Vector Databases - A List
Vector Databases are all the rage as useful for LLM/GenAI. Figured I’d publish a list that some of my friends have been building of the Vector Database options. Exceptional resource here as well. Great description by Andy Pavlo from OtterTune at post here that emphasizes how existing DBs are rapidly implementing capabilities that one would expect from a built for purpose vector database.
If you have adds/removes/changes — don’t hesitate to add in comments.
Faiss — (https://faiss.ai/#)
Faiss is a library for efficient similarity search and clustering of dense vectors. It contains algorithms that search in sets of vectors of any size, up to ones that possibly do not fit in RAM. It also contains supporting code for evaluation and parameter tuning.Faiss is written in C++ with complete wrappers for Python. Some of the most useful algorithms are implemented on the GPU. It is developed by Facebook AI Research.
Milvus — (https://milvus.io/)
Milvus was created in 2019 with a singular goal: store, index, and manage massive embedding vectors generated by deep neural networks and other machine learning (ML) models.
As a database specifically designed to handle queries over input vectors, it is capable of indexing vectors on a trillion scale. Unlike existing relational databases which mainly deal with structured data following a pre-defined pattern, Milvus is designed from the bottom-up to handle embedding vectors converted from unstructured data.

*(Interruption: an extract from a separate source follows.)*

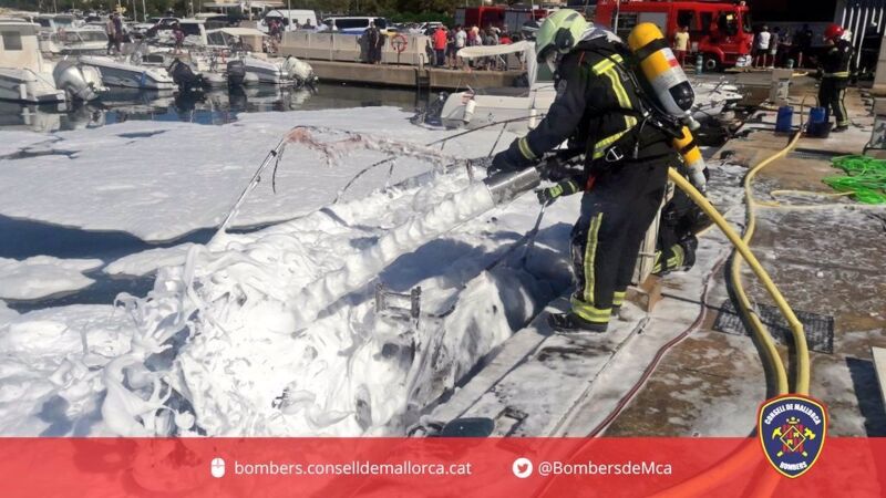 Hasta el lugar de los hechos se han desplazado, además de agentes de la Guardia Civil y ambulancias, 12 bomberos y cuatro vehículos contraincendios de los Bomberos de Mallorca, que se han encargado de establecer barreras de contención para evitar la contaminación.

As the Internet grew and evolved, unstructured data became more and more common, including emails, papers, IoT sensor data, Facebook photos, protein structures, and much more. In order for computers to understand and process unstructured data, these are converted into vectors using embedding techniques. Milvus stores and indexes these vectors. Milvus is able to analyze the correlation between two vectors by calculating their similarity distance. If the two embedding vectors are very similar, it means that the original data sources are similar as well.
Weaviate — (https://weaviate.io/)
Weaviate is an open-source vector database. It allows you to store data objects and vector embeddings from your favorite ML-models, and scale seamlessly into billions of data objects.
Chroma — (https://www.trychroma.com/)
Chroma is a database for building AI applications with embeddings. It comes with everything you need to get started built in, and runs on your machine. A hosted version is coming soon!
qdrant — (https://qdrant.tech/)
Qdrant is a vector database & vector similarity search engine. It deploys as an API service providing search for the nearest high-dimensional vectors. With Qdrant, embeddings or neural network encoders can be turned into full-fledged applications for matching, searching, recommending, and much more!
Vespa — (https://vespa.ai/)
领英推荐
Vespa is a fully featured search engine and vector database. It supports vector search (ANN), lexical search, and search in structured data, all in the same query. Integrated machine-learned model inference allows you to apply AI to make sense of your data in real time. Together with Vespa’s proven scaling and high availability, this empowers you to create production ready search applications at any scale, and with any combination of features.
Pgvector — (https://github.com/pgvector/pgvector)
An open-source extension for PostgreSQL that allows you to store and query vector embeddings within your database. pgvector is easy to use and can be installed with a single command.
opensearch — (https://opensearch.org/)
A community-driven, open source fork of Elasticsearch and Kibana following the license change in early 2021. It includes a vector database functionality that allows you to store and index vectors and metadata, and perform vector similarity search using k-NN indexes.
B) Proprietary products
Elasticsearch — (https://www.elastic.co/elasticsearch/)
A distributed search and analytics engine that supports various types of data. One of the data types that Elasticsearch supports is vector fields, which store dense vectors of numeric values. In version 7.10, Elasticsearch added support for indexing vectors into a specialized data structure to support fast kNN retrieval through the kNN search API. In version 8.0, Elasticsearch added support for native natural language processing (NLP) with vector fields.
Pinecone — (https://www.pinecone.io/)
Pinecone makes it easy to provide long-term memory for high-performance AI applications. It’s a managed, cloud-native vector database with a simple API and no infrastructure hassles. Pinecone serves fresh, filtered query results with low latency at the scale of billions of vectors.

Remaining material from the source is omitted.